Items from a dataset
================

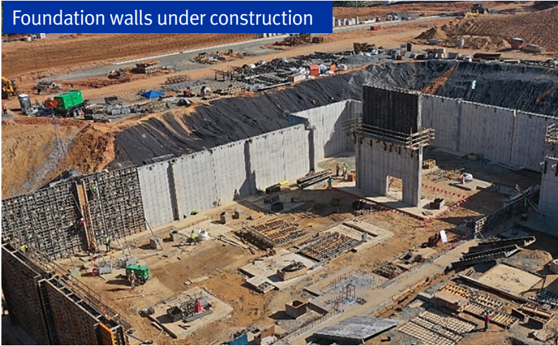
Foundation walls under construction
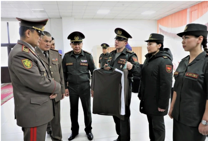
FIGURE 6. Presentation of new Kyrgyz service dress uniform in 2021.

Kyrgyzstan did make a stride towards creating a more characteristic uniform by way of Presidential Decree No. 311, issued on August 11, 2005. Chevrons and national insignia on the peaked cap were revised. Most recently, Presidential Decree No. 148, issued on May 11, 2022, made changes to the service dress uniforms worn by Kyrgyz forces. Some remarkable modifications include the indication of blood types on shirts. Some critics, however, highlight the new uniforms’ great similarity with the Russian Army’s service dress uniform, and even point to reverse trends in Kyrgyz design.
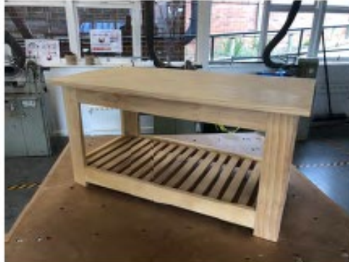
Year 8 - Beach Chairs - Industrial Technology Timber
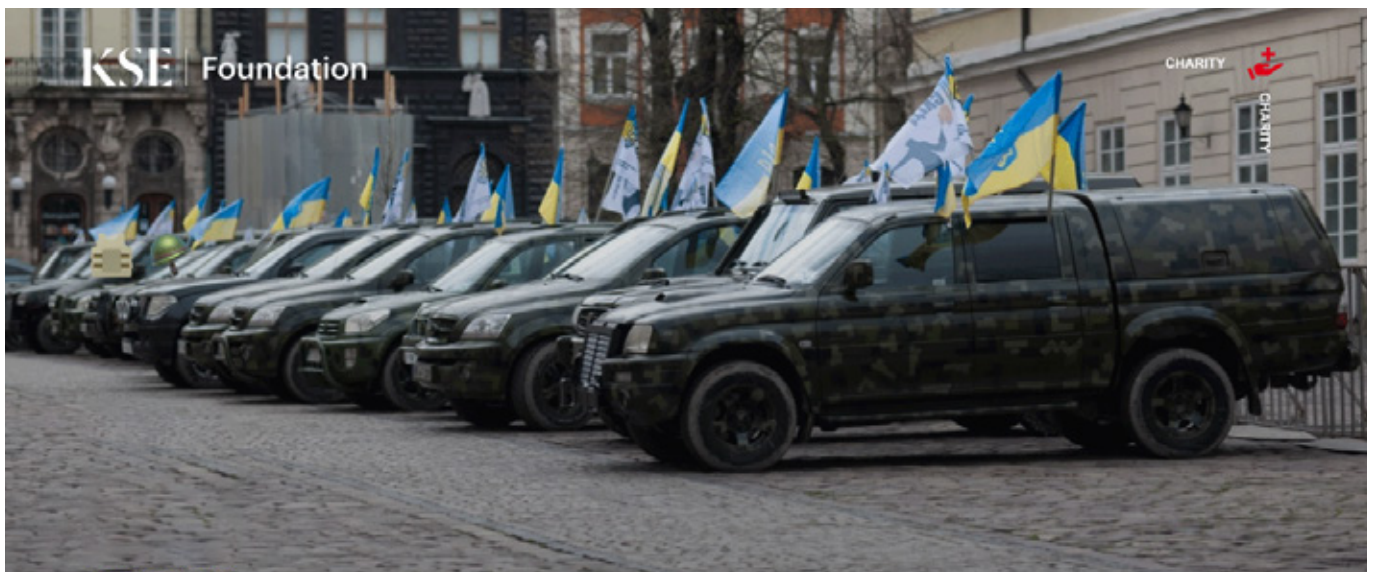
Pickup trucks for Ukrainian defenders
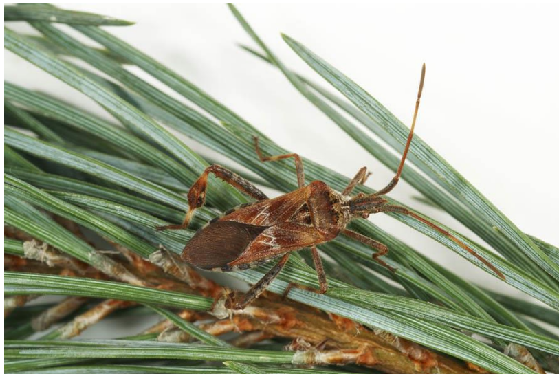
Figure 14. Leptoglossus occidentalis , Western conifer seed bug
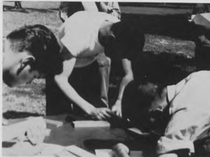
Wood tecking game man
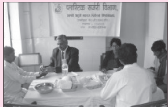
Screening of Leprosy pts for RCS at CMO office Kanpur
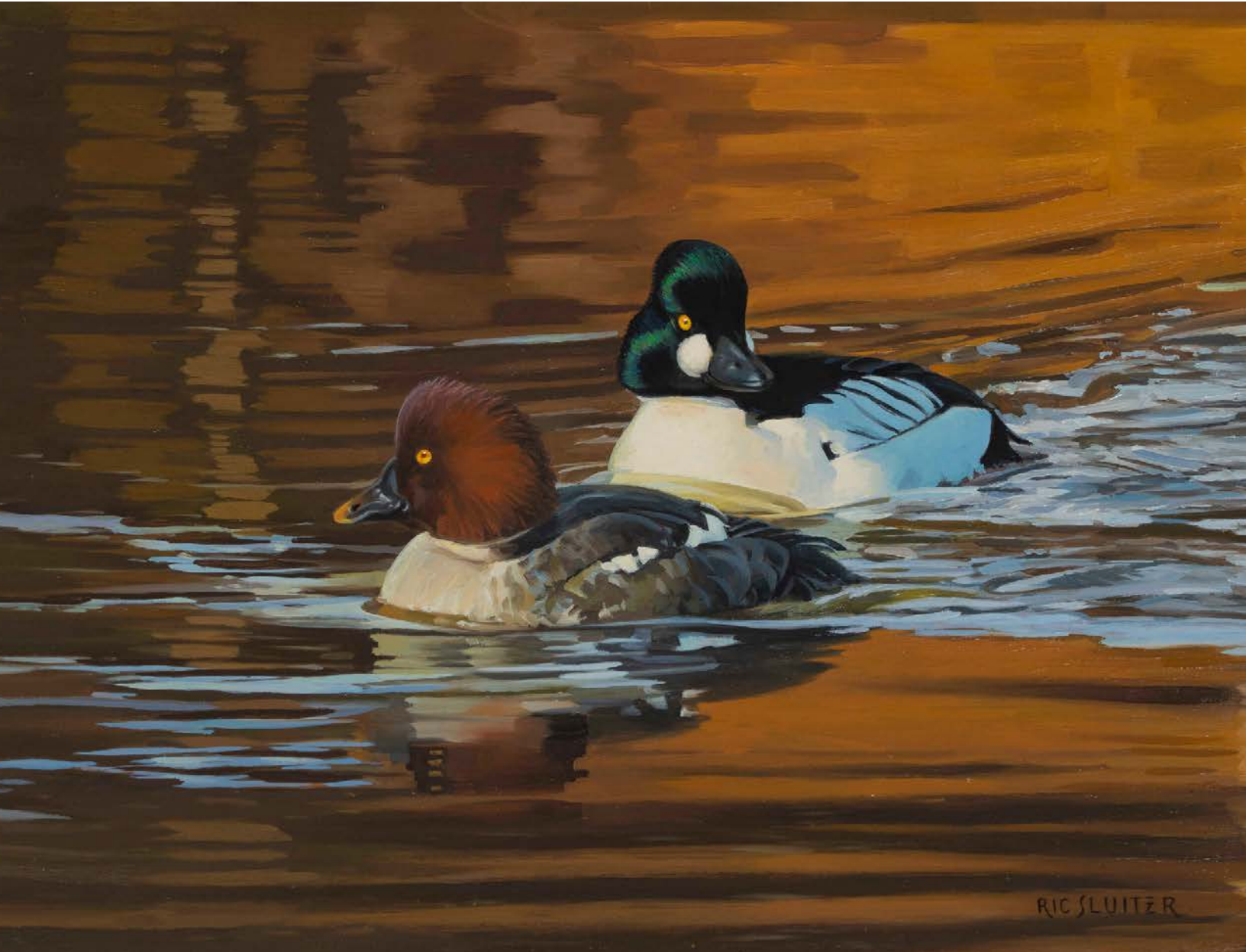
2021 Canadian Wildlife Habitat Conservation Stamp and Print image, "On Golden Pond - Common Goldeneye" by Ric Sluiter.
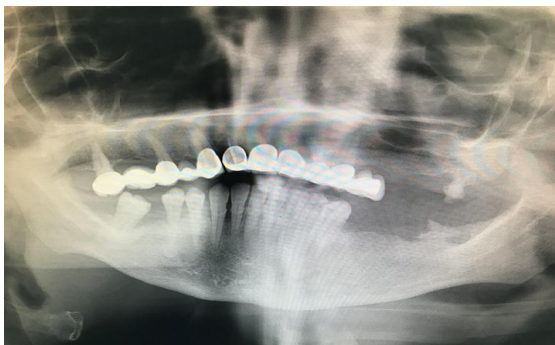
Figure 2: Orthopantomogram (OPG) dental X- Ray shown: Periodontitis and major bone loss.
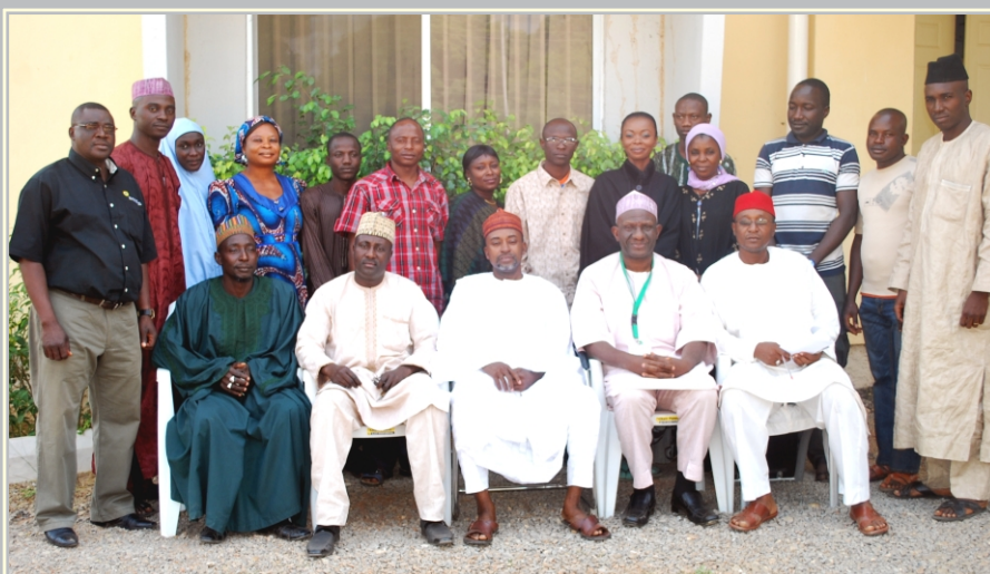
Permanent Secretary BPSR & Staff

To respond to the decaying roads asset of the State, the Kaduna State Government supported by World Bank—KADRAMP organized a workshop to develop a Road Transport Policy that will address among other things, roads asset maintenance and management.
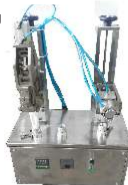
Lamit Tube Sealing Machine Pnuematic
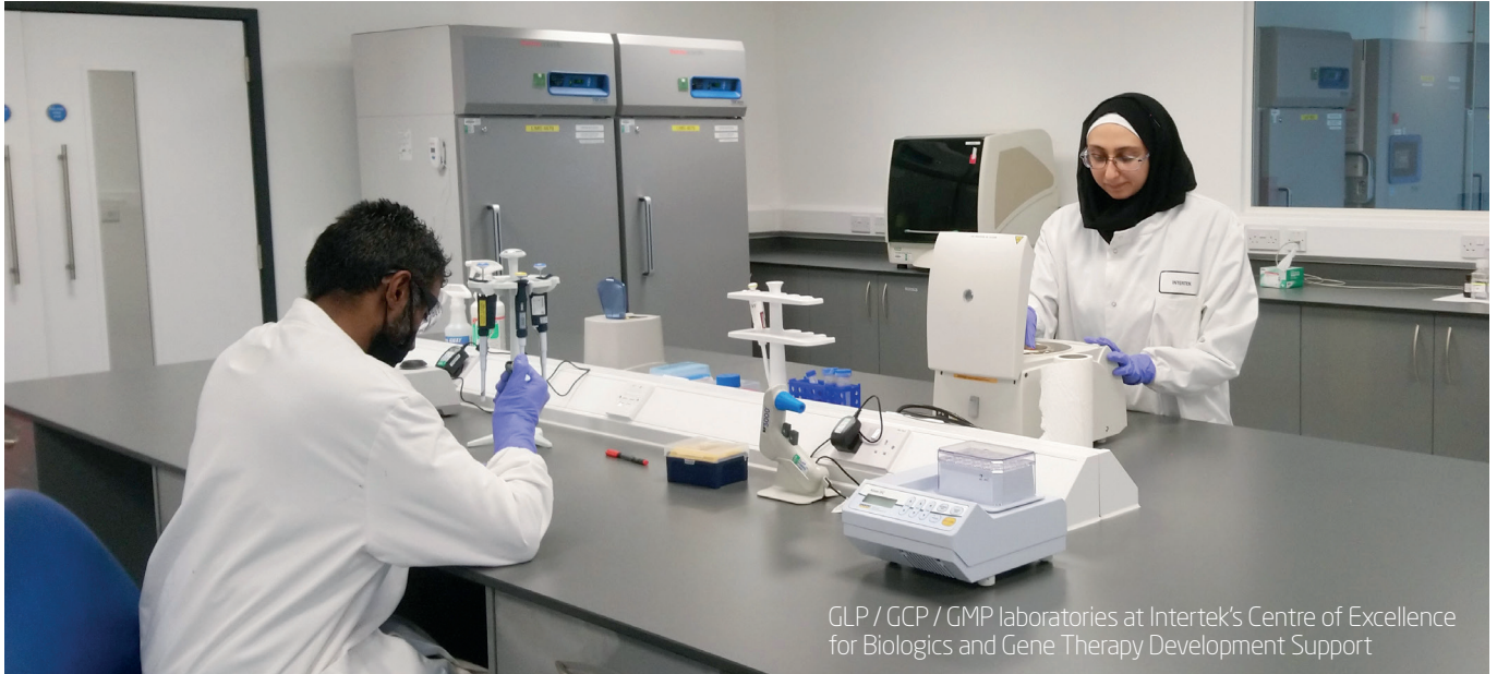
GLP / GCP / GMP laboratories at Intertek's Centre of Excellence for Biologics and Gene Therapy Development Support

================

> [Aim of the task]: Wherever the word "service" appears in the entries above, copy that whole line.

> [Answer to this problem]:
FIGURE 6. Presentation of new Kyrgyz service dress uniform in 2021.
Kyrgyzstan did make a stride towards creating a more characteristic uniform by way of Presidential Decree No. 311, issued on August 11, 2005. Chevrons and national insignia on the peaked cap were revised. Most recently, Presidential Decree No. 148, issued on May 11, 2022, made changes to the service dress uniforms worn by Kyrgyz forces. Some remarkable modifications include the indication of blood types on shirts. Some critics, however, highlight the new uniforms’ great similarity with the Russian Army’s service dress uniform, and even point to reverse trends in Kyrgyz design.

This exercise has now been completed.